Военный порт еще не был окончательно оборудован. Он расширялся и достраивался. Со временем он должен будет заменить собою Кронштадт и стать первым портом на Балтийском море и главной базой нашего флота. А пока большое оживление было лишь в Коммерческой гавани. Не замерзая зимою, она работала круглый год. Вот почему со всех концов России катились вагоны в Либаву, подвозя сюда экспортные товары: хлеб, масло, жмыхи. А отсюда сотни пароходов под флагами разных наций, наполнив грузом трюмы, расходились по иностранным портам.
Как-то вечером, желая скорее ознакомиться с организацией эскадры, я начал просматривать приказы командующего. В одном из них, в № 4, был объявлен список штабных чинов, среди которых я встретил знакомую фамилию. Это был капитан 2-го ранга Курош, зачисленный в штаб в качестве флагманского артиллериста. Какое счастье было и для меня и для других матросов, что ни Рожественский, ни Курош не находятся на нашем судне! С этими лицами я проплавал три кампании на крейсере «Минин», и об этом времени у меня осталось самое безотрадное воспоминание.
Тогда Курош был только лейтенантом и занимал на крейсере должность старшего офицера. Ростом выше среднего, вытянутый, он был сух и жилист. Черная кудрявая бородка подковой огибала его цыганское лицо, всегда злое, хищное, с глазами настороженной рыси. Полсотни офицеров не могли бы причинить столько горя матросам, сколько причинял им этот один человек. Передышка на судне наступала только тогда, когда он перегружал себя водкой. В пьяном состоянии он начинал плакать, распуская слюни, и лез к нижним чинам целоваться. Некоторым давал деньги – от рубля и больше. Иногда выкрикивал, мотая головою:
– Братцы мои! Простите меня! Сердце мое все в ранах, в крови. Оттого я такой подлец. Мне тошно жить на свете. Я не дождусь того дня, когда вы разорвете меня в клочья...
Совсем по-другому Курош вел себя в трезвом виде. Не проходило ни одного дня, чтобы он собственноручно не избил пятнадцать-двадцать человек из команды. Это было для него своего рода спортом. Провинившегося матроса он долго ругал, постепенно повышая голос, как бы накаляя себя. А потом закидывал руки за спину, и это был верный признак того, что сейчас же начнется расправа.
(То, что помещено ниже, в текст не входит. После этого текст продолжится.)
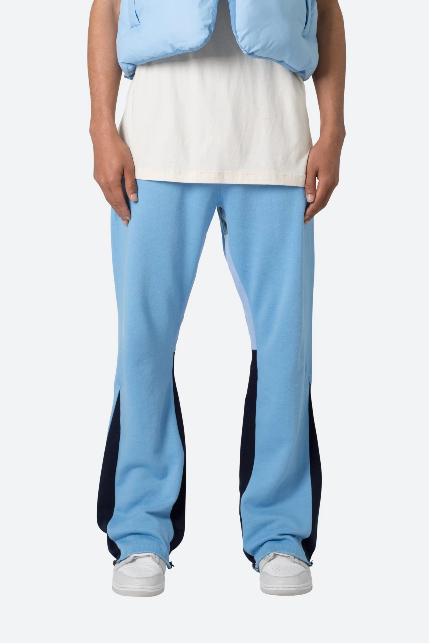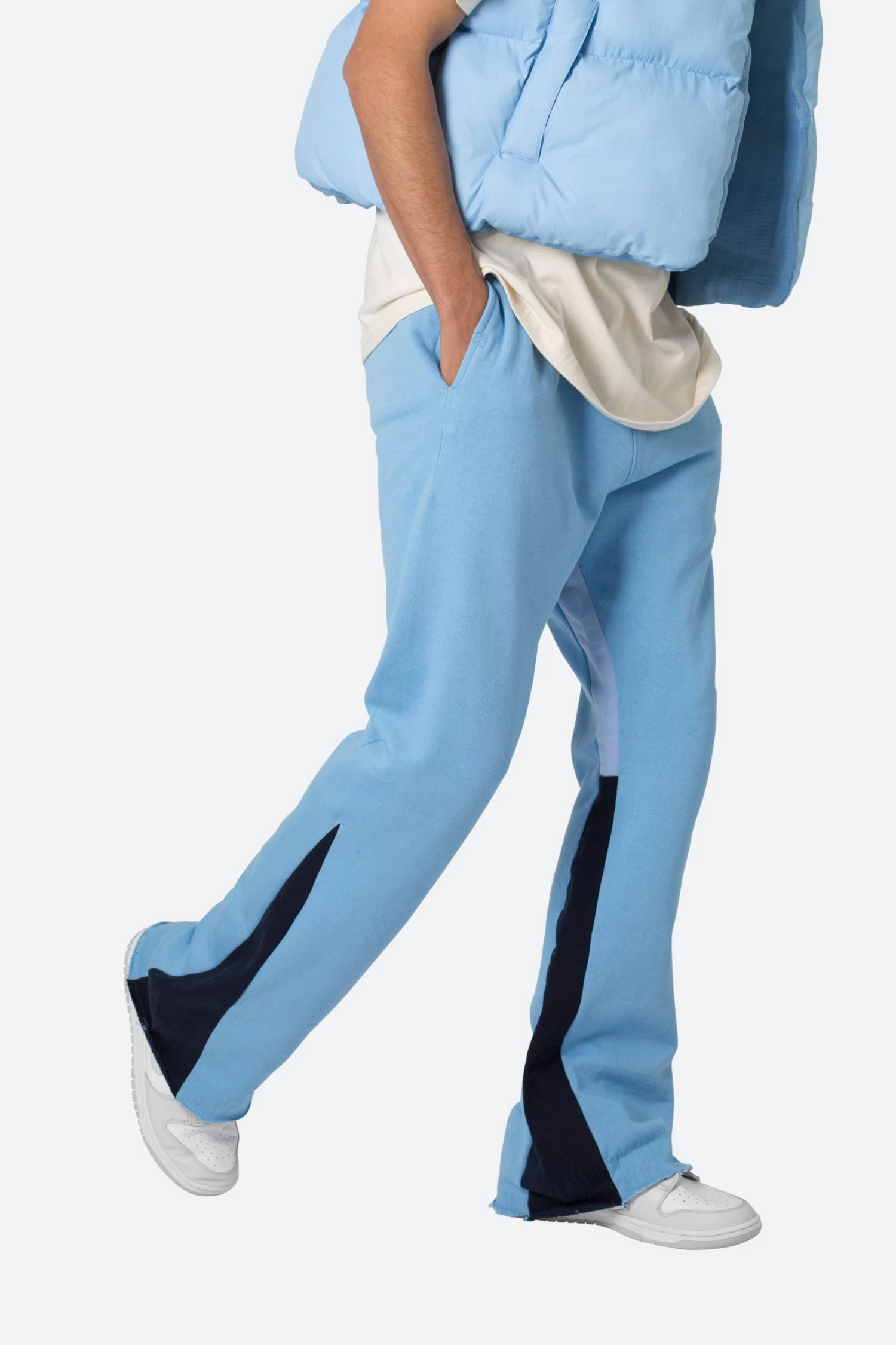 the Contrast Bootcut Sweatpants are designed with a relaxed fit throughout, featuring an elasticized self waist and leg opening, multi-colored paint splatter throughout, and finished with denim and contrasting panels at the inseam and outseam to provide a flare at the leg opening.
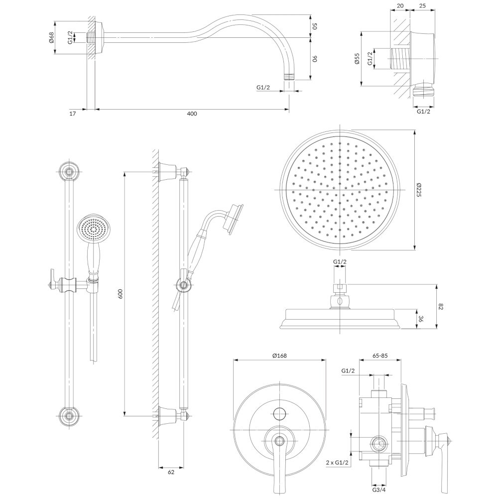 - zestaw prysznicowy suwany (ARMANCE-SCR), 1-funkcyjny

Так поступал он всегда. Долгое время я не понимал этого приема. Матросы пояснили мне. Оказалось, на пальце правой руки он носил перстень с драгоценным камнем. Закинув руки назад, Курош поворачивал перстень настолько, чтобы можно было зажать в кулак драгоценный камень: так лучше не потеряешь его. И только после этого обрушивались на матроса удары.
Иногда Курош применял наказания более утонченные, с некоторой долей фантазии.
Однажды гальванер Максим Андреевич Косырев обратился к нему после завтрака с просьбой:
– Ваше высокоблагородие, разрешите мне сегодня на берег?
– Зачем?
– В церковь сходить. У меня сегодня день ангела.
Курош переспросил:
– День ангела, говоришь?
– Так точно, ваше высокоблагородие!
Курош подумал с полминуты, а потом, как бы сочувствуя тому, промолвил:
– Иди за мною.
Привел гальванера на рубку и, не повышая голоса, приказал:
– Стой здесь и смотри на небо. Как только увидишь своего ангела, сейчас же доложишь мне.
Косырев, не понимая такого распоряжения, удивленно уставился на старшего офицера, а тот сразу заревел:
– Я тебе приказал на небо смотреть! А ты не слушаешься!
Ударив кулаком в подбородок, он схватил руками голову гальванера и запрокинул ее назад. Целый час Косырев стоял на рубке и все смотрел на небо. Перед подъемом флага к нему поднялся Курош и спросил:
– Видел своего ангела?
– Никак нет, ваше высокоблагородие!
– Ну ладно, отправляйся на берег.
Многие из матросов на судне старались завести дружбу с коком. От него, когда он резал мясные пайки, можно было получить кость. Счастливец в таких случаях скрывался в «шхерах» – за двойным бортом или в каком-нибудь закоулке судна, чтобы не попасться на глаза начальству. Там в одиночестве он отшлифовывал зубами свою добычу до блеска.
Так водилось на всех кораблях, так было и на крейсере «Минин».
И вот как-то наш писарь второй статьи Охлобыстин получил от кока здоровенную кость от бычьей ноги – сочную, с махрами мяса, с мозгами. Но не успел он отойти от камбуза, как на него, словно ястреб, налетел Курош. На этот раз обошлось без мордобития. Старший офицер приказал писарю взять кость в зубы, а потом повел его, схватив за ухо, на бак. Два часа виновник простоял с костью в зубах, словно собака, бледный, не знающий, куда спрятать глаза от стыда.
Нарвался и я однажды на Куроша. Он увидел у меня книжку: «Введение в философию» Паульсена.
– А, ты вот что читаешь!
И начал кричать на меня, потрясая кулаками. Не удовлетворившись этим, он произвел в моих чемоданах обыск, и около полусотни моих любимых книг полетело за борт. Но я был неисправим. Только с этих пор мне пришлось добывать знания более осторожно, так же как уголовный преступник добывает чужое добро, – воровским путем.
Некоторые матросы пытались заявить адмиралу Рожественскому претензии на Куроша, но после они раскаивались в этом.
Тогда решили о всех безобразиях старшего офицера написать адмиралу анонимное письмо. А чтобы не могли установить, чей почерк, нашли для переписки грамотного матроса с другого корабля. Пакет послали на имя начальника отряда заказной корреспонденцией.
Вечером, перед молитвой, когда все собрались на верхней палубе, вышел к нам сам адмирал и заорал, потрясая анонимным письмом:
– Кто писал эту гнусную клевету? Выйди вперед!
С минуту длилось на судне гробовое молчание. И вдруг разразился ураган брани и рева. Адмирал угрожал повесить автора письма на рее.
И тогда поняли, что никакими путями не добиться нам правды.
Трудно сказать, кто из них был более жесток – Курош или Рожественский.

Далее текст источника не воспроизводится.